The current El Nino - a meteorological event in which a band of warm water develops in the Pacific Ocean around the equator - is about to peak. Photo / Alan Gibson
The current El Nino - a meteorological event in which a band of warm water develops in the Pacific Ocean around the equator - is about to peak. Photo / Alan Gibson

Global temperatures will continue to soar over the next year as rising levels of greenhouse gas emissions and El Nino combine to bring more record-breaking warmth to the planet.

According to the Met Office's forecast for the next five years, this year is likely to be the warmest since records began. Next year there will be a dip as the effects of El Nino dissipate, but after that, and for the remainder of the decade, the world will experience more warming. The forecast, which is to be put out this week, is the first such report since the Met Office overhauled its near-term climate prediction system last year.

"We cannot say exactly how hot 2018, 2019 or 2020 will be. That will depend on other variables. But the general trend is going to be upwards," said Doug Smith, a Met Office expert on long-term forecasting.

The current El Nino - a meteorological event in which a band of warm water develops in the Pacific Ocean around the equator - is about to peak. However, global warming associated with the event normally lags several months, so 2016 could be hotter than 2015, the warmest year on record.
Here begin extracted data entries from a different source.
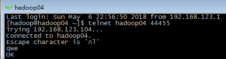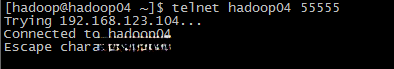 然后再复制hadoop04节点连接会话,输入telnet hadoop04 55555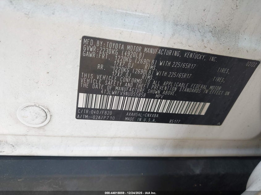 • 4T3LWRFV9NU055858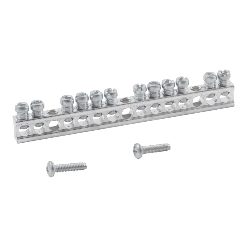 Barra de tierra de aluminio para centro de carga QO. Sujeta cables con tornillos; 12 orificios.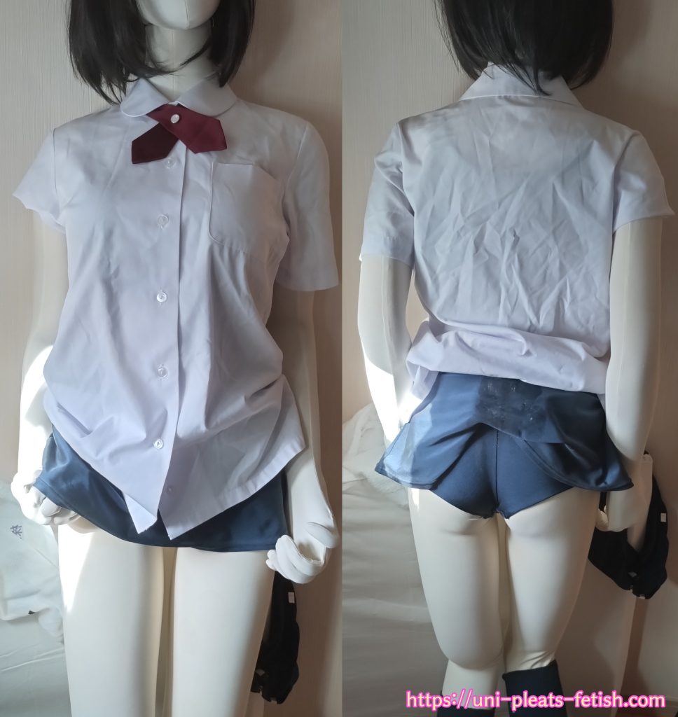 まずは、、スク水の上からブラウスをば… 半袖ですが…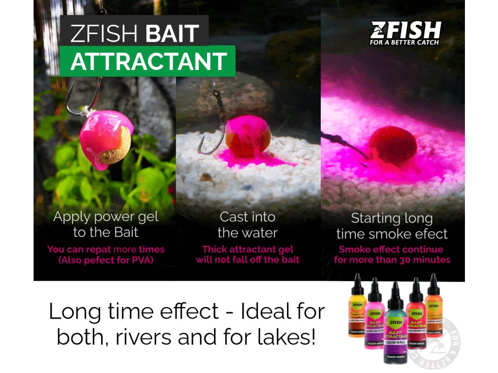 ZFISH Bait Attractant je náš nový revoluční dip, který dodává nástrahám onu třešničku na dortu! Jeho hustota zajišťuje, že neopadává a že se rozpouští déle než běžné tekuté dipy. Ve vodě vytváří skutečný harmonický oblak, který se rychle šíří po okolí, a tím rychleji přiláká ryby na náš háček! Aromatický oblak, který vzlíná z nástrahy, prostě musíte vidět, abyste uvěřili a právě proto je náš Bait Atractant tak revoluční. Obsahuje pečlivě vybrané a vyvážené komponenty, atraktory a chuťové stimulátory, které u ryb velice účinně podporují apetit a dokáží je přilákat k nástraze ať už jsou kdekoli ve sloupci. Dip lze použít také do spod mixů, jako přídavek do práškového krmení a skvěle se osvědčil na feederových a kaprařských závodech! Lze jej používat po celý rok a navíc nerozpouští PVA materiály. Dostupný je v 5-ti stejných příchutích jako většina našeho krmného programu.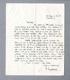 Hartelijk gelukgewenscht met de successen van Kees, in wie ik altijd een groot vertrouwen heb gehad, ook al saboteerde hij als B de geschiedenislessen op een zoo hoffelijke manier. Ik ben benieuwd te hooren, wat hij nu [krijgen] zal. En ook, met welke [functies] je op den duur door Zijlstra zult worden belast. Dat van de verkoop van mijn boeken wist ik, met tragische zekerheid: uit de afrekeningen, die ik jaarlijks ontvang. Maar het is zoo besteld door het fatum, en absoluut niet onredelijk. Hoofdzaak is, dat er nog wel eens iets verkocht wordt, want anders kan ik geen uitgever meer vinden.

Some climate change deniers have claimed the current El Nino alone was responsible for making last year a record one, with the effects of carbon emissions being irrelevant. Smith rejects these claims.

"We have had El Ninos before," he said. "The one in 1997-98 was particularly intense. Nevertheless, global temperatures were less then than they were in 2015 - and that is because background heating caused by increasing carbon dioxide levels in the atmosphere are higher today than they were in 1997-98."